■ **Task goal**:
Please give the lines below again exactly as they stand, from the one that contains "Je ne me trompe" up to and including the one that contains "Stan S1 je dvosoban", leaving all pictures out.

■ **Data for this exercise**:
^^^^

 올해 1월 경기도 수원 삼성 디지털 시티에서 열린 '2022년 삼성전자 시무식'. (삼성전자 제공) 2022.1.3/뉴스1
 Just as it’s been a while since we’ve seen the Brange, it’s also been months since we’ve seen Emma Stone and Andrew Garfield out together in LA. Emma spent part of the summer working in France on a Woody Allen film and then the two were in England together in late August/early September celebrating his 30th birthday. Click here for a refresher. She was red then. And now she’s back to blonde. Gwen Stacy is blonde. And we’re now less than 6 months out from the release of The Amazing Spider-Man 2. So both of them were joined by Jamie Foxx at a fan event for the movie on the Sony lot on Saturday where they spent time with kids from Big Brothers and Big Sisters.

^^^^

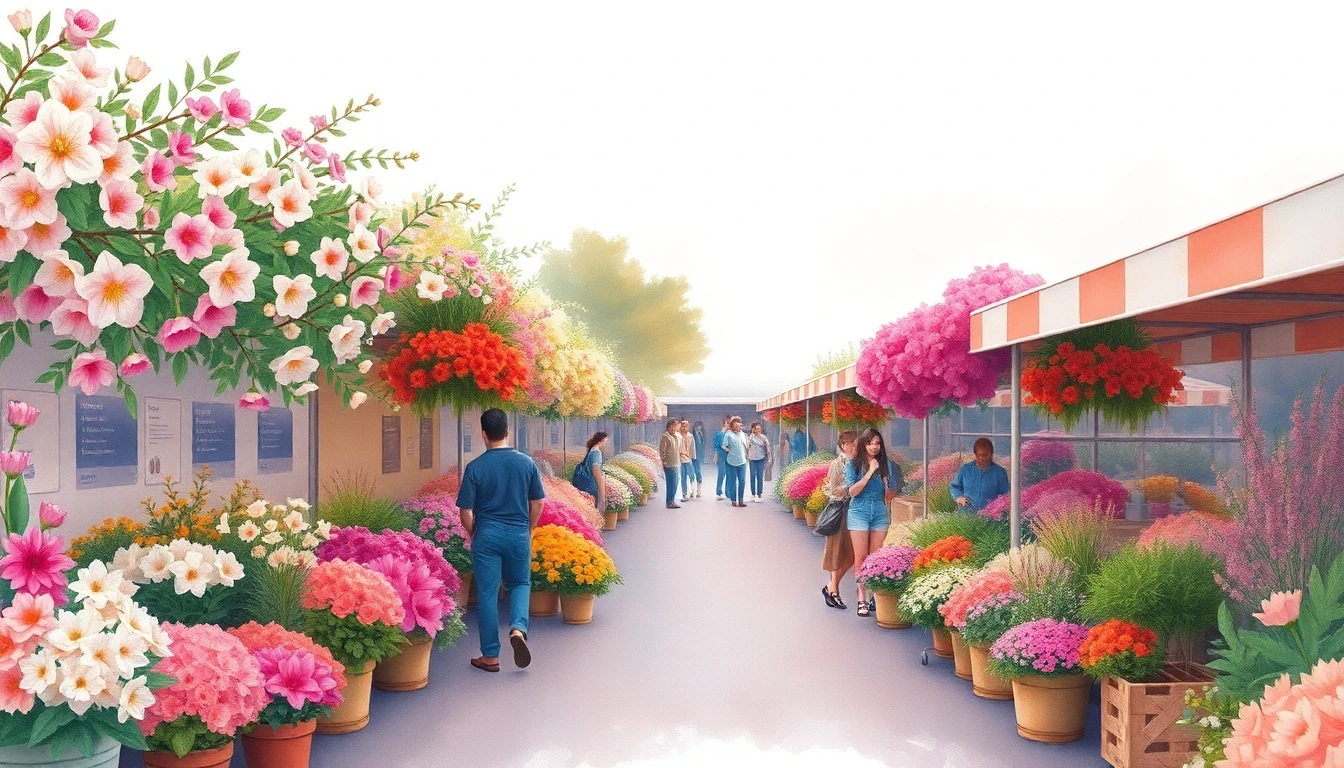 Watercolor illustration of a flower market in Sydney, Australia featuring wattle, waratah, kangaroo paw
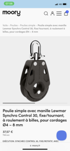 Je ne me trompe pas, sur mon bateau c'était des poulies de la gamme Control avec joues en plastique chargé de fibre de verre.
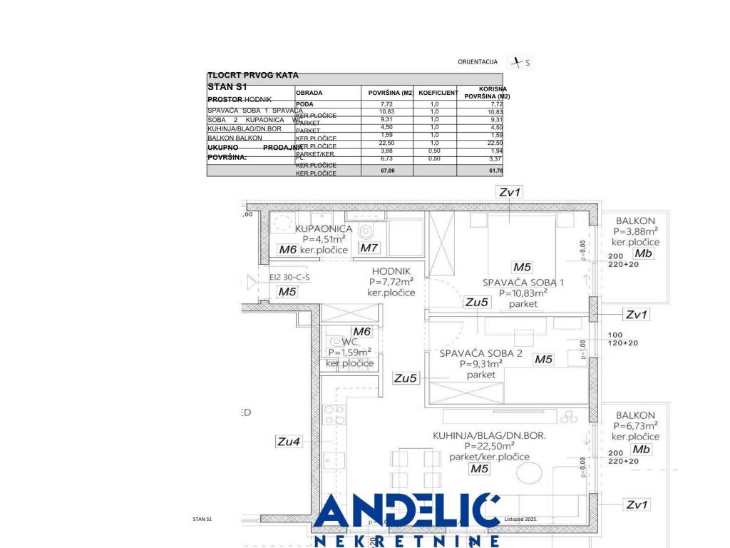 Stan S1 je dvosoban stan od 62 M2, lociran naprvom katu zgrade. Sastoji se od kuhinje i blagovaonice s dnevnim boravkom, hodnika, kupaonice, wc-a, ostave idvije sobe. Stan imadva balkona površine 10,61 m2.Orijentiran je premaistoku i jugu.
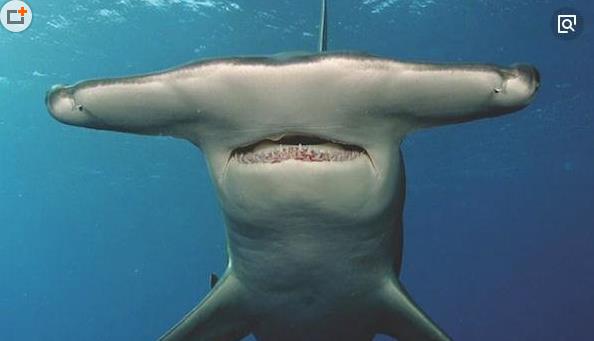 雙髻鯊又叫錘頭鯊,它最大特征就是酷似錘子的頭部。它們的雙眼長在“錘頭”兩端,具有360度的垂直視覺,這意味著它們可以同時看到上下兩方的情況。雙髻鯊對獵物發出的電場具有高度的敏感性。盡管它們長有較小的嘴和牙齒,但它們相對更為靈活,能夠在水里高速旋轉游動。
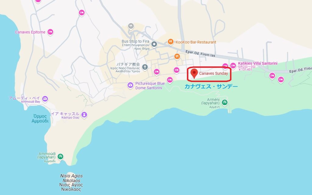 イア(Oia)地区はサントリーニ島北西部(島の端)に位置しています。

^^^^

■ **Written solution**:
 Je ne me trompe pas, sur mon bateau c'était des poulies de la gamme Control avec joues en plastique chargé de fibre de verre.
 Stan S1 je dvosoban stan od 62 M2, lociran naprvom katu zgrade. Sastoji se od kuhinje i blagovaonice s dnevnim boravkom, hodnika, kupaonice, wc-a, ostave idvije sobe. Stan imadva balkona površine 10,61 m2.Orijentiran je premaistoku i jugu.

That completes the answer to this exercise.